White steps up to challenge

Junior strong safety fills in for starter Joe Stellmacher in a big way

MADISON — Johnny White looked strong in fall practice. So strong, in fact, that the strong safety earned himself a starting job on opening day against Bowling Green.

But his performance in the 56-42 UW victory over the Falcons — a game in which the defense allowed Omar Jacobs to throw for more than 450 yards — bumped him to the bench behind junior Joe Stellmacher.

Three weeks later, with the Badger defense on the rise and White still on the bench, who knew when, or even if, White would see significant playing time again?

That time unexpectedly came midway through the second quarter Saturday when Stellmacher left the game with an injured shoulder.

Stellmacher was originally injured on the first drive of the game for Michigan. He left for a number or plays, but returned on the final play of that same drive, making the key hit that kept the Wolverines out of the end zone on fourth-and-goal from the one yard line.

The Berlin, Wis., native continued to play until he re-aggravated the injury halfway through the second quarter.

The injury could have been costly to the Badger defense, but White was not going to let his team down.

"I wasn't really thinking about redeeming myself," White said. "I just didn't want to bring my team down."

Truth was, he had been pretty down on his spirits as of late. He played sparingly against Temple two weeks ago, but did not get in the game against North Carolina last Saturday. But a talk with defensive coordinator Bret Bielema early in the week sparked a renewed energy.

"On Tuesday I came in and he was sitting on the bench and he was kind of down," Bielema said. "We talked about 15 minutes, just about what it's all about."

The chat charged White up and he had two of his best practices all season on Wednesday and Thursday.

"He practiced unbelievable Wednesday and Thursday," Bielema said. "I made a point of it to our defense on Friday and today after the game I made it a point because here's a guy who had every reason to throw in the towel.

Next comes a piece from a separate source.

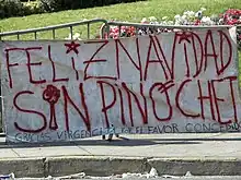 La dictature d'Augusto Pinochet est marquée par de multiples violations des droits de l'homme (plus de 3 200 morts et disparus, plus de 38 000 torturés[2], des dizaines de milliers d'arrestations de dissidents), lesquelles ont fait l'objet de trois rapports et de quatre procédures judiciaires dans les années 1990 et 2000, et ont entraîné l'exil de plusieurs centaines de milliers de Chiliens. La présidence de Pinochet est dénoncée dans son ensemble comme une période de dictature militaire, par de nombreux médias et ONG ainsi que par ses opposants[3],[4],[5],[6],[7],[8],[9],[10]. Elle est décrite comme telle par les historiens ; la qualification de dictature est également reprise par le rapport Valech, publié au Chili en 2004[11]. Ses partisans chiliens considèrent au contraire qu'il a « sauvé » le pays en l'empêchant d'adopter le communisme[12],[13].

"[When Stellmacher went down] Johnny was just walking to me, I just grabbed him and said ‘This is what you practiced for.' I just couldn't be prouder or happier for a kid."

White's play was solid to end the half and through the third quarter, but he really drew attention early in the fourth quarter.

The Pearland, Texas, native snagged the momentum early on in the fourth quarter. Michigan running back Max Martin took a handoff and ran through a hole for 11 yards before he was hit by White and lost the ball.

Mark Zalewski recovered the fumble for the Badgers and two plays later Wisconsin had its first lead of the game.

"[White's] just playing at another level right now and it's so mental," Bielema said. "It's how you prepare and go about your day-to-day business that gets you where you are right now."

On the very next Michigan drive, White was at it again, this time leaping up to intercept a Chad Henne pass.

"[Coach Bielema] just sat me down and told me to keep my head up," White said. "He told me you never know when your opportunity is going to arise. I guess my opportunity was today."

For the game, White finished with eight tackles, including a team-high four solo tackles, to go along with the interception and forced fumble.

"I noticed Johnny playing during the game," head coach Barry Alvarez said. "He made big plays. He played with confidence. Johnny had a great week of practice. I felt very confident with Johnny in there. I'm really happy for him. He needed a game like that."

Those are significant words from a head coach who will rarely admit to noticing a player's performance without first looking at tape of the game.

It was unclear after the game just how much playing time White may have won back with Saturday night's performance. Bielema said he expected Stellmacher to be ready for next weekend's contest with Indiana.

Fans may remember tailback Brian Calhoun's performance, or quarterback John Stocco's game-winning touchdown run more than White's key effort on defense, but the safety will never forget the night he proved, not only to his doubters but also to himself, that he's still capable of playing at a Division I level.